[YOUR OBJECTIVE] Could you transcribe all the entries exactly, omitting the pictures?

START DATA IN THIS EXERCISE

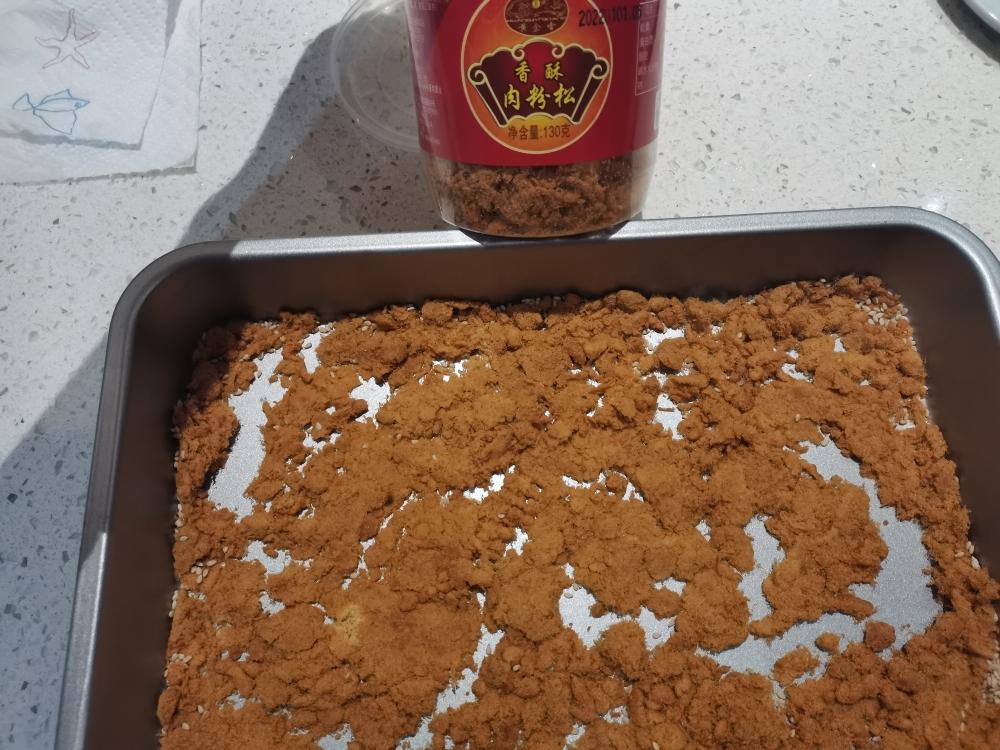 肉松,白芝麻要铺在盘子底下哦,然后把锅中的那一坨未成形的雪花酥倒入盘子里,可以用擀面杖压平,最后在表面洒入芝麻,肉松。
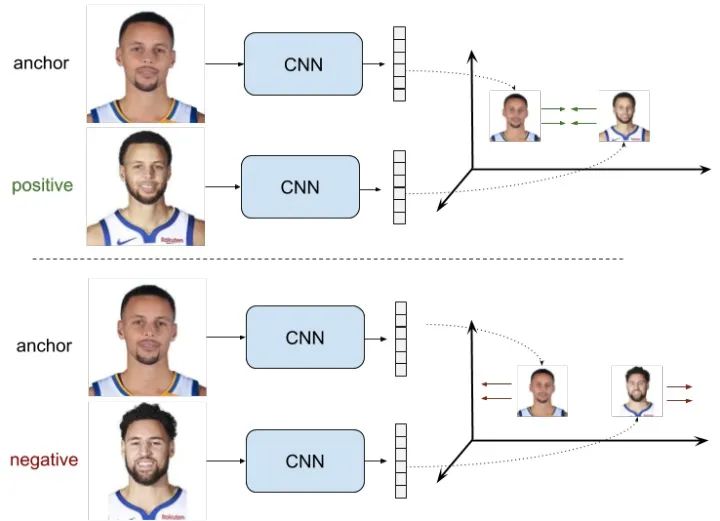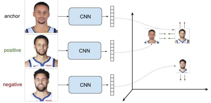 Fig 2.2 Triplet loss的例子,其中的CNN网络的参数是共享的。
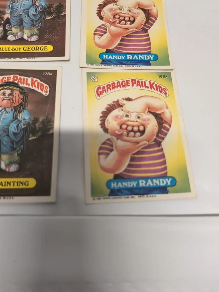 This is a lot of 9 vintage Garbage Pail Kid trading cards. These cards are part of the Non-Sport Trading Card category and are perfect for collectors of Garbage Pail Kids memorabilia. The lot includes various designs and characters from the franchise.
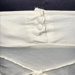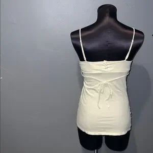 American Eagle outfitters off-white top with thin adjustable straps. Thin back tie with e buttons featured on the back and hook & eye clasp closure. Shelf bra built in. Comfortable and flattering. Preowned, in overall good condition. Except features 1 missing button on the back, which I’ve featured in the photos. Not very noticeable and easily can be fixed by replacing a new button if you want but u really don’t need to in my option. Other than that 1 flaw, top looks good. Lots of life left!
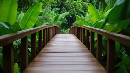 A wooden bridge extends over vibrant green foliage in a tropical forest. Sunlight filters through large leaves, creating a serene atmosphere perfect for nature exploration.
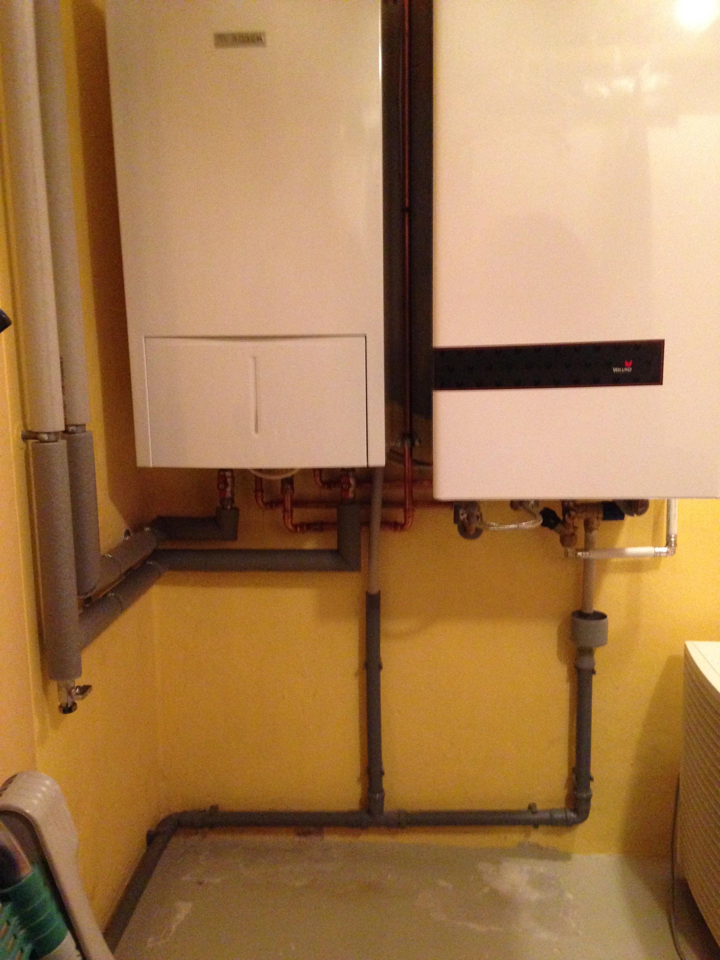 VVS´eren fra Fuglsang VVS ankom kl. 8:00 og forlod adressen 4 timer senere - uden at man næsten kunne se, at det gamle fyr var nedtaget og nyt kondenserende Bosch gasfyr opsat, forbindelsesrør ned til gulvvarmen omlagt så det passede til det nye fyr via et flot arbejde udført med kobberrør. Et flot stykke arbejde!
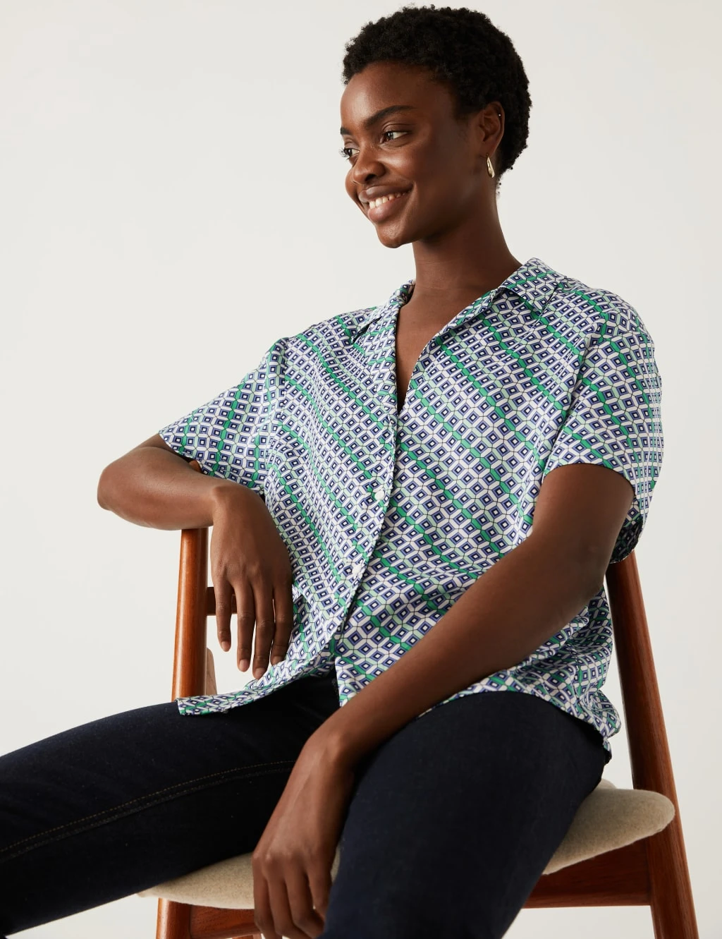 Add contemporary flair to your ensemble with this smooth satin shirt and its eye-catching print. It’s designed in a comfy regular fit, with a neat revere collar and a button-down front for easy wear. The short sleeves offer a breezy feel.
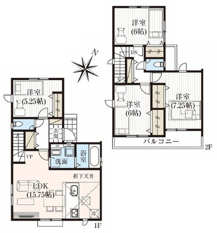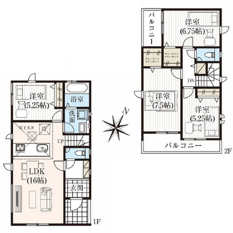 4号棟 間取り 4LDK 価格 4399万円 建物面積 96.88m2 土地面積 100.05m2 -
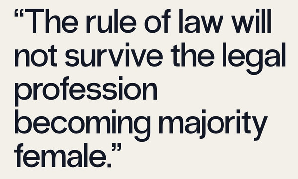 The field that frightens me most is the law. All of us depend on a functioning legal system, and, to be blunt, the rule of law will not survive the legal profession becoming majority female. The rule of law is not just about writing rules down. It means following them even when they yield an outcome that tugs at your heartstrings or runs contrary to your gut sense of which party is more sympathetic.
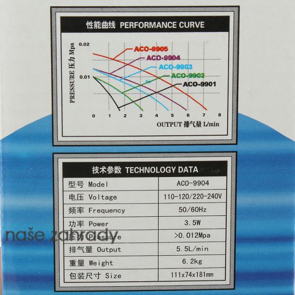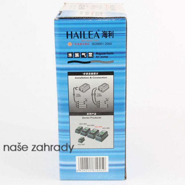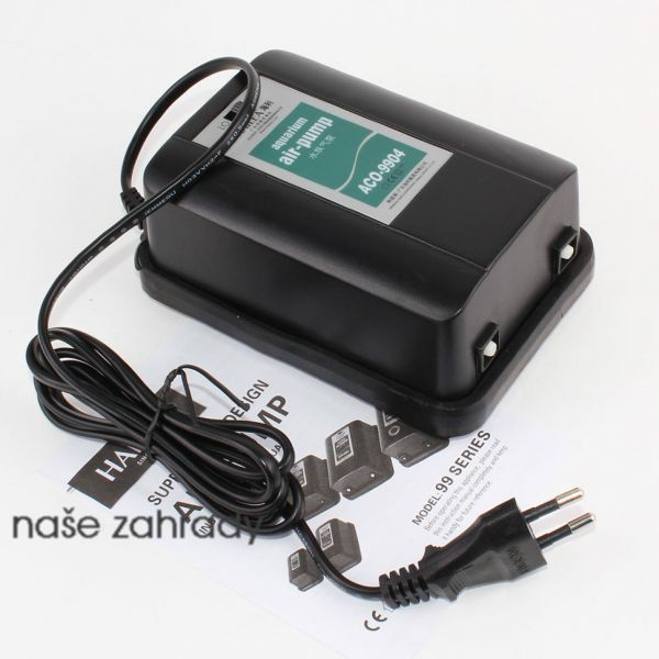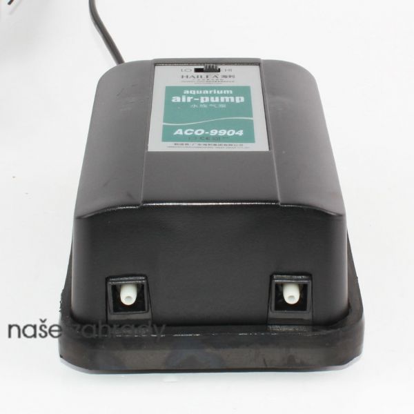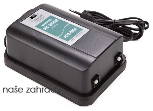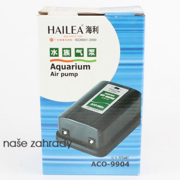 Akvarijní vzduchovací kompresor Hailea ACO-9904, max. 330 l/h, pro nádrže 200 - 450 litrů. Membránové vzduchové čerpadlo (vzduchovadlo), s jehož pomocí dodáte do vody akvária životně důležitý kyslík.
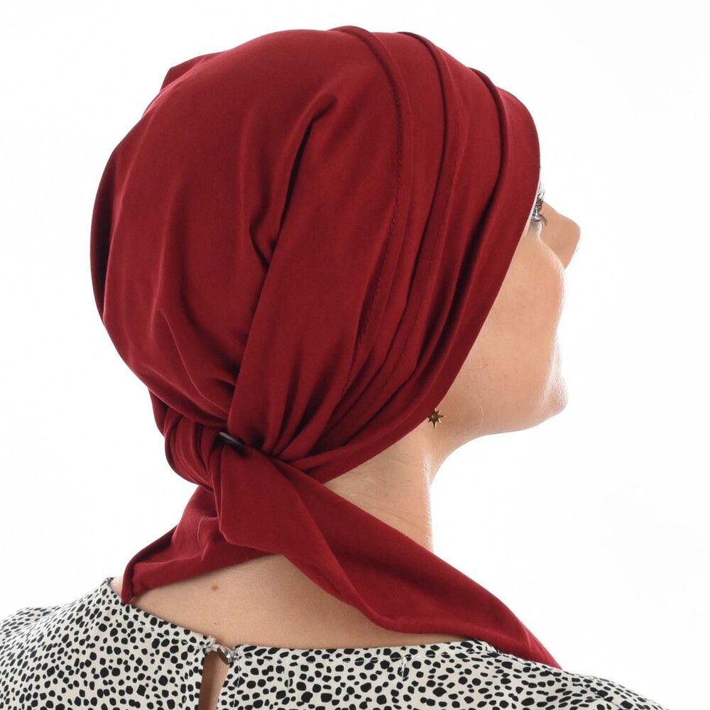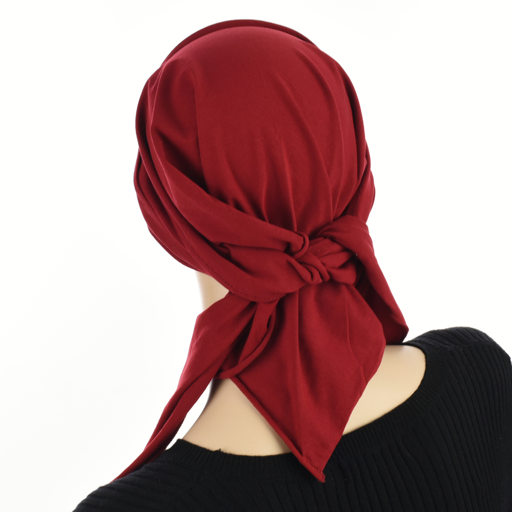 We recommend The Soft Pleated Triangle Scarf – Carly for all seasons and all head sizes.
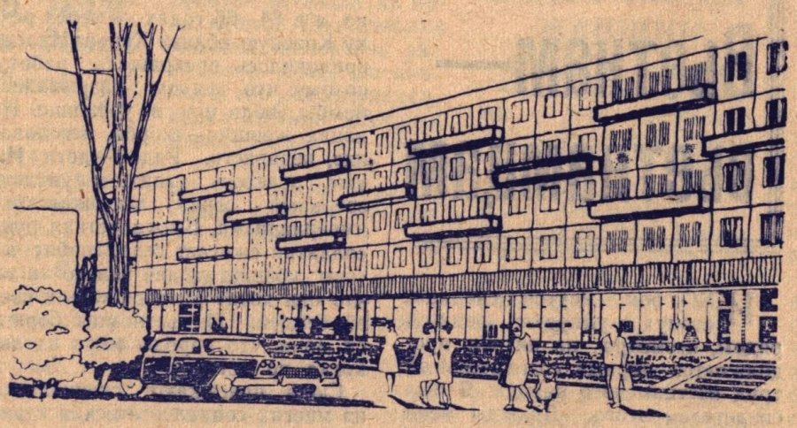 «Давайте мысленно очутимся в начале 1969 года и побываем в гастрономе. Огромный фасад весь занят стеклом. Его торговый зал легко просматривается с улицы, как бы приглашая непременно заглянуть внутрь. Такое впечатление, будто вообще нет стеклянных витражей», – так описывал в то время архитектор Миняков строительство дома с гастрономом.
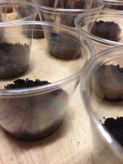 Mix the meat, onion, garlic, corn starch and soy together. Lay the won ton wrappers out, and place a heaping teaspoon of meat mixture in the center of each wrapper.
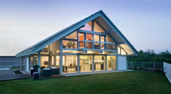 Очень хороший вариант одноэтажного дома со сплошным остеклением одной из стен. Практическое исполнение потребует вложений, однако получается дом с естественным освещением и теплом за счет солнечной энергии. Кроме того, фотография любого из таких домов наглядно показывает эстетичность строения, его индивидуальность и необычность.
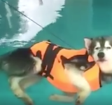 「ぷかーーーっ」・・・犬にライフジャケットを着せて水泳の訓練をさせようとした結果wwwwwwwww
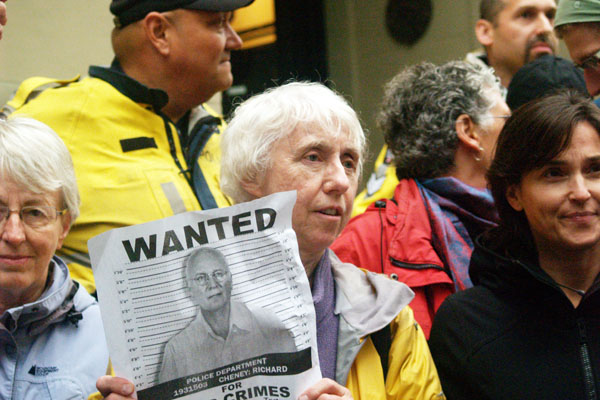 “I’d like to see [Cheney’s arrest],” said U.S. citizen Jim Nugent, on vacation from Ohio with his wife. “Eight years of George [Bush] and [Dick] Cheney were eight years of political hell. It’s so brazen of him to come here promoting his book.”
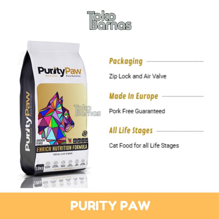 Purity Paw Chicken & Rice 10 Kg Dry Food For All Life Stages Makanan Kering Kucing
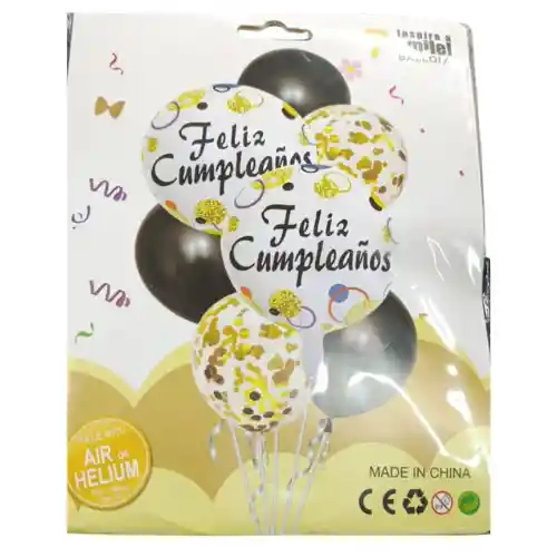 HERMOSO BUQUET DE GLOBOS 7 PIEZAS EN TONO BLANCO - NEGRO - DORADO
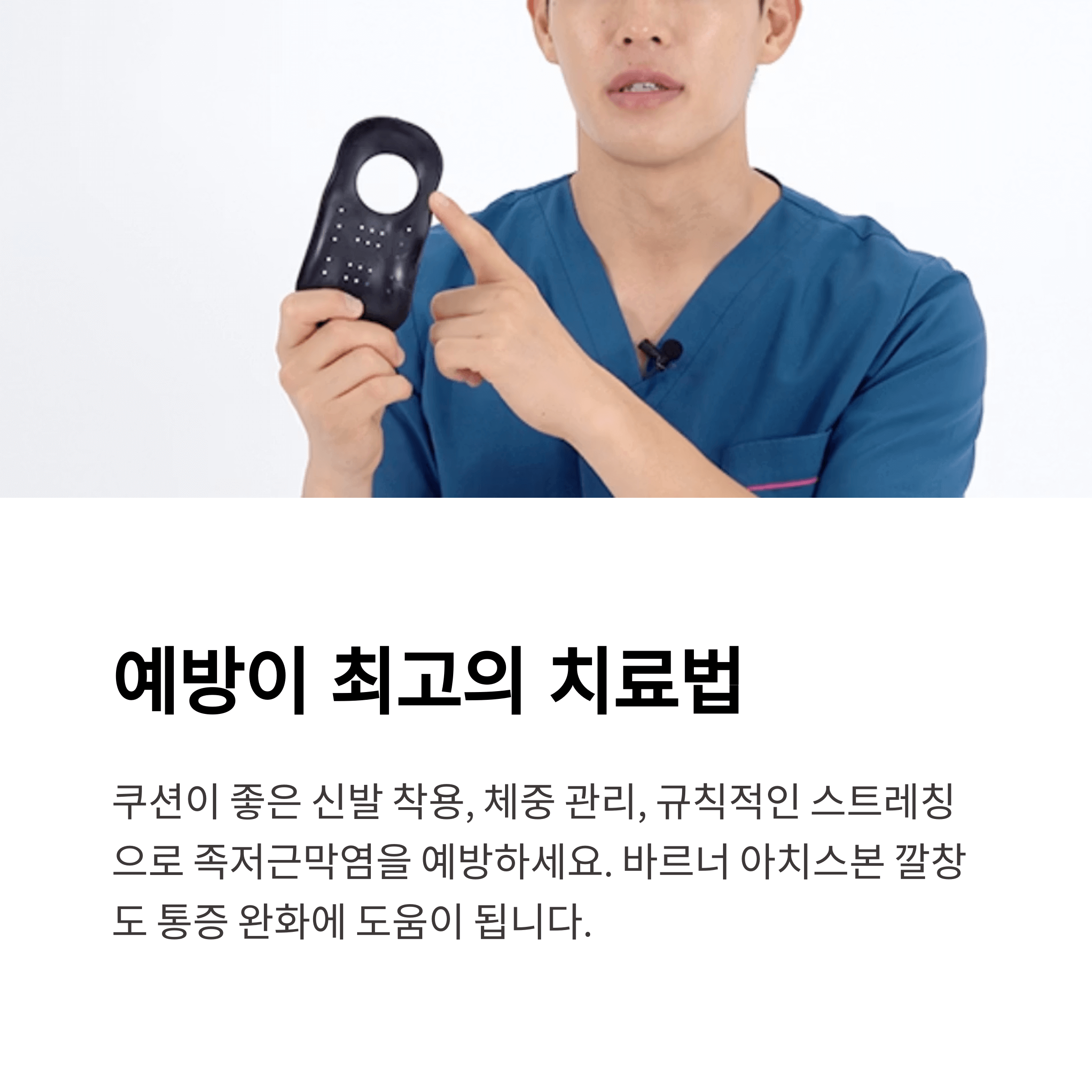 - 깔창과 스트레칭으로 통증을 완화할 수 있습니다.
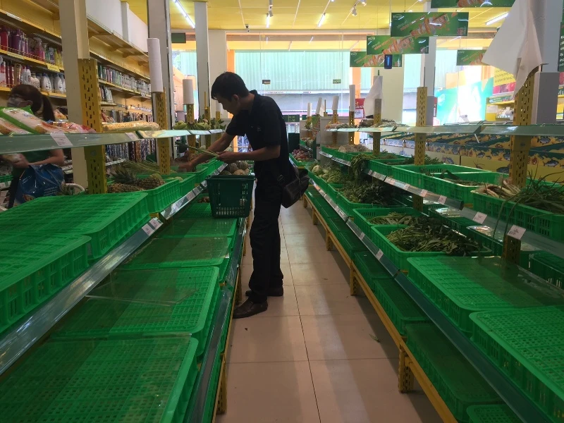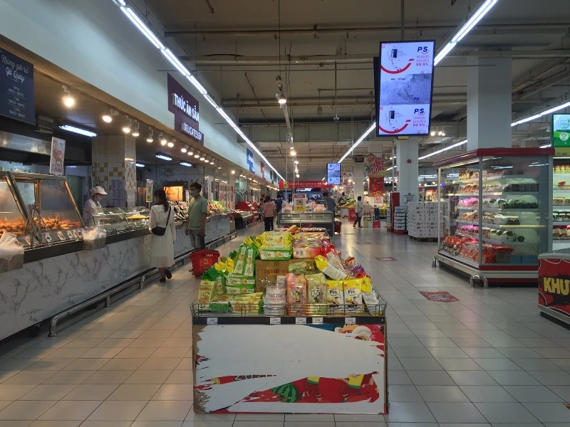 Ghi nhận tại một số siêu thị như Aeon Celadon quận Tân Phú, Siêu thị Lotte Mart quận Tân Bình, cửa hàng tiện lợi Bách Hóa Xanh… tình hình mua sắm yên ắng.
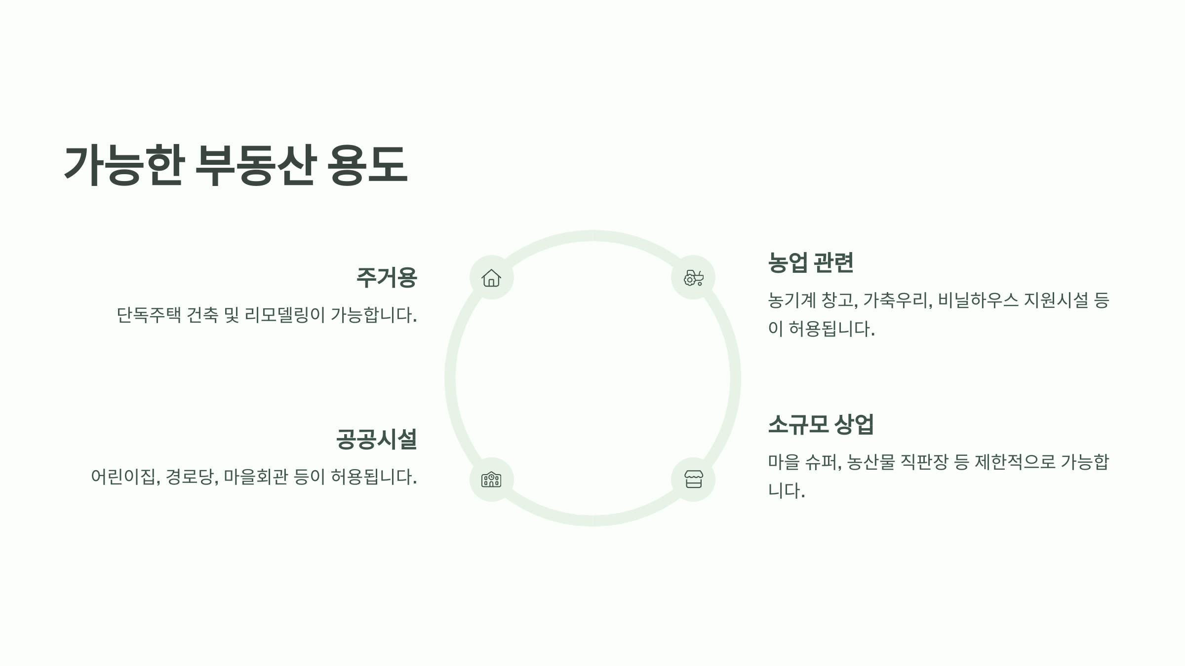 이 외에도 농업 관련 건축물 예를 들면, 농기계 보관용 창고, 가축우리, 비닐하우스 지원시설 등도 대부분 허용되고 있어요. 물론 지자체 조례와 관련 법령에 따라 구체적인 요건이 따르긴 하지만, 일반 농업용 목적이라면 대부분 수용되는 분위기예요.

END DATA IN THIS EXERCISE

[ANSWER SPACE]
 肉松,白芝麻要铺在盘子底下哦,然后把锅中的那一坨未成形的雪花酥倒入盘子里,可以用擀面杖压平,最后在表面洒入芝麻,肉松。
 Fig 2.2 Triplet loss的例子,其中的CNN网络的参数是共享的。
 This is a lot of 9 vintage Garbage Pail Kid trading cards. These cards are part of the Non-Sport Trading Card category and are perfect for collectors of Garbage Pail Kids memorabilia. The lot includes various designs and characters from the franchise.
 American Eagle outfitters off-white top with thin adjustable straps. Thin back tie with e buttons featured on the back and hook & eye clasp closure. Shelf bra built in. Comfortable and flattering. Preowned, in overall good condition. Except features 1 missing button on the back, which I’ve featured in the photos. Not very noticeable and easily can be fixed by replacing a new button if you want but u really don’t need to in my option. Other than that 1 flaw, top looks good. Lots of life left!
 A wooden bridge extends over vibrant green foliage in a tropical forest. Sunlight filters through large leaves, creating a serene atmosphere perfect for nature exploration.
 VVS´eren fra Fuglsang VVS ankom kl. 8:00 og forlod adressen 4 timer senere - uden at man næsten kunne se, at det gamle fyr var nedtaget og nyt kondenserende Bosch gasfyr opsat, forbindelsesrør ned til gulvvarmen omlagt så det passede til det nye fyr via et flot arbejde udført med kobberrør. Et flot stykke arbejde!
 Add contemporary flair to your ensemble with this smooth satin shirt and its eye-catching print. It’s designed in a comfy regular fit, with a neat revere collar and a button-down front for easy wear. The short sleeves offer a breezy feel.
 4号棟 間取り 4LDK 価格 4399万円 建物面積 96.88m2 土地面積 100.05m2 -
 The field that frightens me most is the law. All of us depend on a functioning legal system, and, to be blunt, the rule of law will not survive the legal profession becoming majority female. The rule of law is not just about writing rules down. It means following them even when they yield an outcome that tugs at your heartstrings or runs contrary to your gut sense of which party is more sympathetic.
 Akvarijní vzduchovací kompresor Hailea ACO-9904, max. 330 l/h, pro nádrže 200 - 450 litrů. Membránové vzduchové čerpadlo (vzduchovadlo), s jehož pomocí dodáte do vody akvária životně důležitý kyslík.
 We recommend The Soft Pleated Triangle Scarf – Carly for all seasons and all head sizes.
 «Давайте мысленно очутимся в начале 1969 года и побываем в гастрономе. Огромный фасад весь занят стеклом. Его торговый зал легко просматривается с улицы, как бы приглашая непременно заглянуть внутрь. Такое впечатление, будто вообще нет стеклянных витражей», – так описывал в то время архитектор Миняков строительство дома с гастрономом.
 Mix the meat, onion, garlic, corn starch and soy together. Lay the won ton wrappers out, and place a heaping teaspoon of meat mixture in the center of each wrapper.
 Очень хороший вариант одноэтажного дома со сплошным остеклением одной из стен. Практическое исполнение потребует вложений, однако получается дом с естественным освещением и теплом за счет солнечной энергии. Кроме того, фотография любого из таких домов наглядно показывает эстетичность строения, его индивидуальность и необычность.
 「ぷかーーーっ」・・・犬にライフジャケットを着せて水泳の訓練をさせようとした結果wwwwwwwww
 “I’d like to see [Cheney’s arrest],” said U.S. citizen Jim Nugent, on vacation from Ohio with his wife. “Eight years of George [Bush] and [Dick] Cheney were eight years of political hell. It’s so brazen of him to come here promoting his book.”
 Purity Paw Chicken & Rice 10 Kg Dry Food For All Life Stages Makanan Kering Kucing
 HERMOSO BUQUET DE GLOBOS 7 PIEZAS EN TONO BLANCO - NEGRO - DORADO
 - 깔창과 스트레칭으로 통증을 완화할 수 있습니다.
 Ghi nhận tại một số siêu thị như Aeon Celadon quận Tân Phú, Siêu thị Lotte Mart quận Tân Bình, cửa hàng tiện lợi Bách Hóa Xanh… tình hình mua sắm yên ắng.
 이 외에도 농업 관련 건축물 예를 들면, 농기계 보관용 창고, 가축우리, 비닐하우스 지원시설 등도 대부분 허용되고 있어요. 물론 지자체 조례와 관련 법령에 따라 구체적인 요건이 따르긴 하지만, 일반 농업용 목적이라면 대부분 수용되는 분위기예요.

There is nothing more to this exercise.